::: INFORMATION SHOWN
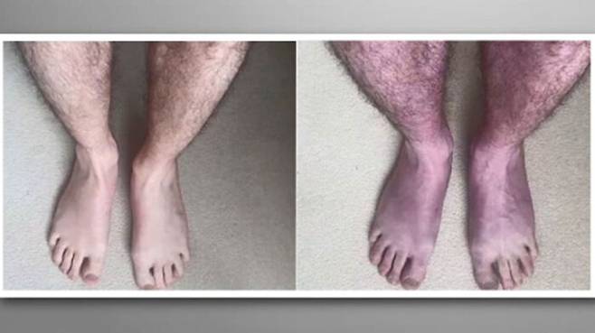 최근 조금만 서 있어도 다리가 붓는다며 말단 청색증을 호소하는 30대 남성 환자를 발견했는데, 이 환자는 서 있기 시작한 지 1분이 지나자 다리가 붓기 시작했고, 10분이 지나자 눈으로 구분할 수 있을 정도로 다리가 파랗게 변했다고 합니다.
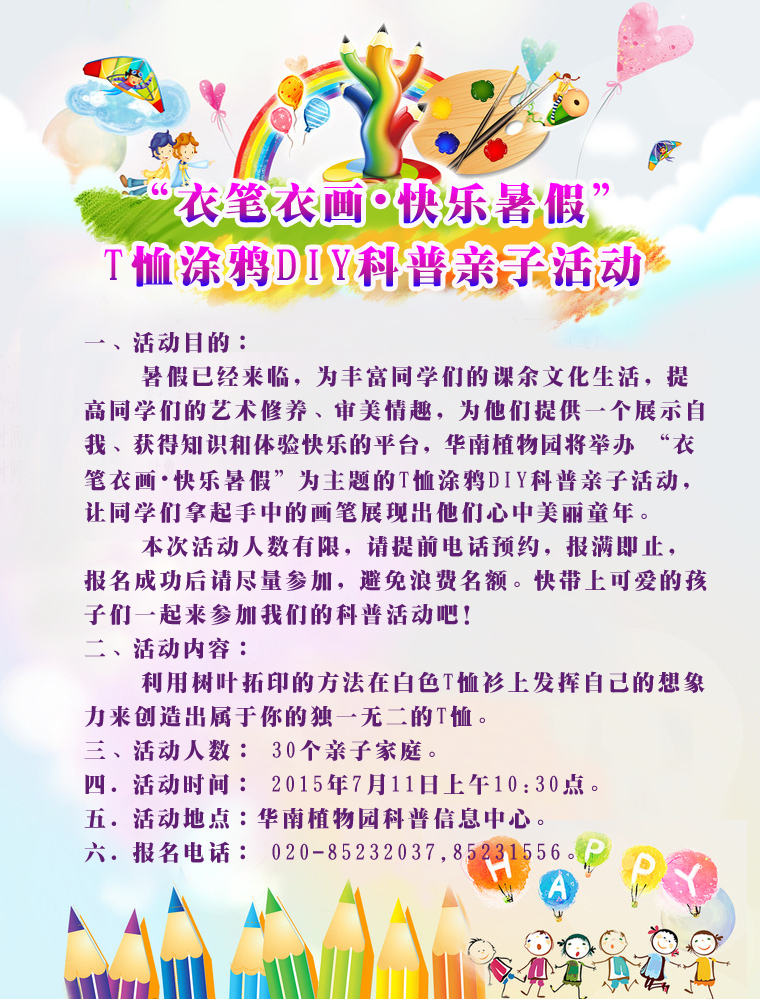 暑假已经来临,为丰富同学们的课余文化生活,提高同学们的艺术修养、审美情趣,为他们提供一个展示自我、获得知识和体验快乐的平台,华南植物园将举办 “衣笔衣画·快乐暑假”为主题的T恤涂鸦DIY科普亲子活动,让同学们拿起手中的画笔展现出他们心中美丽童年。
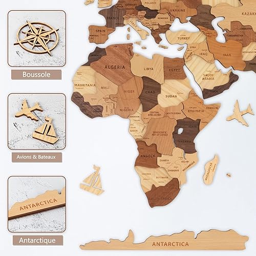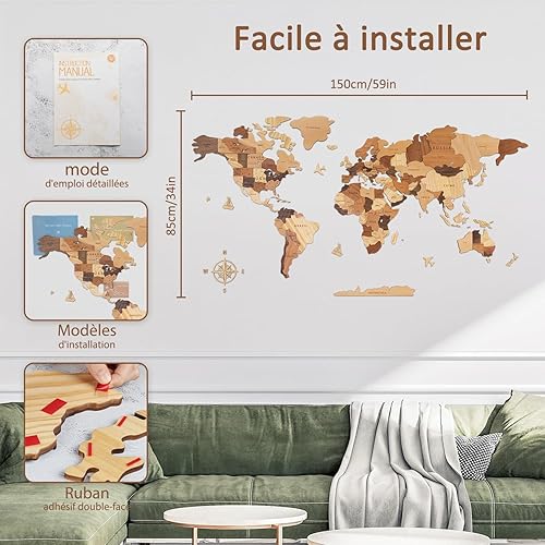 Creawoo Carte du Monde de Voyage 3D en Bois pour Décoration Murale, Carte Murale Décorative en Bois Massif Naturel Multicouche pour la Maison et le Bureau, Multicolore-150x85 CM
::::::
TO DO:
Go through the listing above and write it out again exactly, dropping the pictures.

OUTPUT FOR THIS TASK:
 최근 조금만 서 있어도 다리가 붓는다며 말단 청색증을 호소하는 30대 남성 환자를 발견했는데, 이 환자는 서 있기 시작한 지 1분이 지나자 다리가 붓기 시작했고, 10분이 지나자 눈으로 구분할 수 있을 정도로 다리가 파랗게 변했다고 합니다.
 暑假已经来临,为丰富同学们的课余文化生活,提高同学们的艺术修养、审美情趣,为他们提供一个展示自我、获得知识和体验快乐的平台,华南植物园将举办 “衣笔衣画·快乐暑假”为主题的T恤涂鸦DIY科普亲子活动,让同学们拿起手中的画笔展现出他们心中美丽童年。
 Creawoo Carte du Monde de Voyage 3D en Bois pour Décoration Murale, Carte Murale Décorative en Bois Massif Naturel Multicouche pour la Maison et le Bureau, Multicolore-150x85 CM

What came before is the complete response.